Modelli psicologi utilizzati nella riabilitazione post-infortunio

Gennaio 18, 2023

In questo articolo vorrei esporvi brevemente alcuni dei modelli psicologici maggiormente utilizzati in fase di riabilitazione in ambito sportivo in seguito a un infortunio. Tra questi troviamo il modello bio-psico-sociale, il modello di valutazione cognitiva, il modello per fasi e il modello motivazionale.

Il modello bio-psico-sociale

Nel modello bio-psico-sociale, l’infortunio e l’outcome del processo riabilitativo vengono caratterizzati attraverso 7 dimensioni: i fattori socio-demografici, i fattori biologici, i fattori psicologici, i fattori sociali e contestuali, i risultati intermedi bio-psicologici e quelli finali post-infortunio. Questi fattori sono relati reciprocamente tra di loro e con i risultati a medio e lungo termine.

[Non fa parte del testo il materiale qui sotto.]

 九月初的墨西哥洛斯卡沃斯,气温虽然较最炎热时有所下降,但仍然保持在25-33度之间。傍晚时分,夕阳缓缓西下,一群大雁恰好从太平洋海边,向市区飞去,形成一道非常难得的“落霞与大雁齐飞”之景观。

Innanzitutto, le dimensioni biologica, psicologica e sociale sono influenzate da diversi fattori (cause, tipo e localizzazione del danno, severità dell’infortunio, storia dell’atleta e dei precedenti infortuni, età, genere, etnia, status socio-economico); a loro volta, queste dimensioni, influenzano i risultati a medio termine come la capacità di movimento, la forza e la resistenza, la percezione del dolore, la lassità articolare e la durata del recupero. Infine, i risultati a medio termine influenzano quelli finali della riabilitazione come le prestazioni funzionali, la qualità della vita post-infortunio, la soddisfazione rispetto al trattamento e il desiderio di tornare a praticare sport.

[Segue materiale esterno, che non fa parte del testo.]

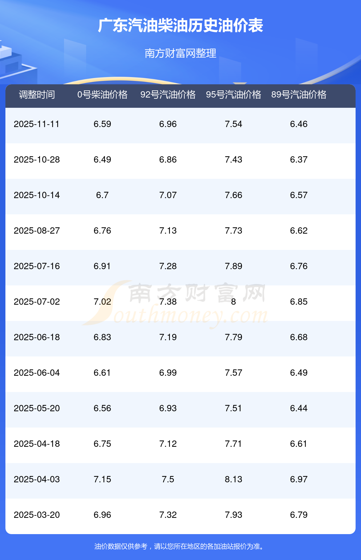 11月11日,廣東0號柴油的價格是6.59元每升,本次的調(diào)整時間為11月11日,對比上次的調(diào)整升了0.1元,升1.541%,11月24日24時為下一輪油價調(diào)整時間,還有13.2天。

Modello della valutazione cognitiva

Secondo il modello della valutazione cognitiva, proposto prima da Brewer (1994) e integrato successivamente da Weise-Bjornstal e coll. (1998), la risposta emotiva all’infortunio (ad es., paura, rabbia, tristezza, ansia, ecc.) è influenzata dalla valutazione cognitiva che l’atleta fa della situazione. La valutazione cognitiva, a sua volta, subisce l’influenza dei fattori psicologici, di personalità e situazionali. Una valutazione cognitiva disfunzionale avrebbe esiti negativi sul comportamento dell’atleta e sulla sua aderenza al programma di riabilitazione, inficiando di conseguenza i risultati di quest’ultima.

Modello a stadi

I modelli a stadi postulano che l’infortunio sia seguito da una successione di emozioni e atteggiamenti/attitudini: un po’ come prevedono alcune teorie sul lutto.

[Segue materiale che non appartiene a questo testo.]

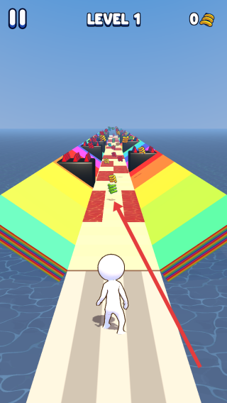 1、操控角色沿彩色跑道前進(jìn),拾取路上的彈簧道具,提升跳躍能力,借此躲避兩側(cè)的障礙,推進(jìn)關(guān)卡進(jìn)程。

Secondo la teoria a stadi denominata “ciclo affettivo dell’infortunio” di O’Connor e coll. (2005) le possibili risposte all’infortunio sarebbero tre: la negazione, l’angoscia e il fronteggiamento. La prima, la negazione, in cui l’atleta rifiuta o nega l’infortunio, risulta essere adattiva nelle fasi iniziali della riabilitazione, ma se dovesse protrarsi anche nelle fasi successive interferirebbe con il processo terapeutico e l’atleta necessiterebbe di un intervento psicologico. L’angoscia deriva invece dalle emozioni negative suscitate dall’infortunio, quali: tristezza, ansia, paura, senso di perdita e dall’alterazione della propria identità di sportivo. Una volta che l’atleta riesce a superare la fase della negazione e a gestire l’angoscia entrerà nella fase del fronteggiamento. Ciò significa entrare in quella fase che permette le migliori condizioni di recupero, attraverso un’adeguata valutazione delle risorse personali, la definizione di obiettivi realistici, una migliore profusione dell’impegno, un’ottimale aderenza al programma riabilitativo e una più efficace cooperazione con il personale medico. 

Modelli motivazionali

La motivazione è un fattore importante in ambito sportivo anche per quanto riguarda gli infortuni, soprattutto nel determinare l’aderenza al programma riabilitativo (Chan e coll., 2011).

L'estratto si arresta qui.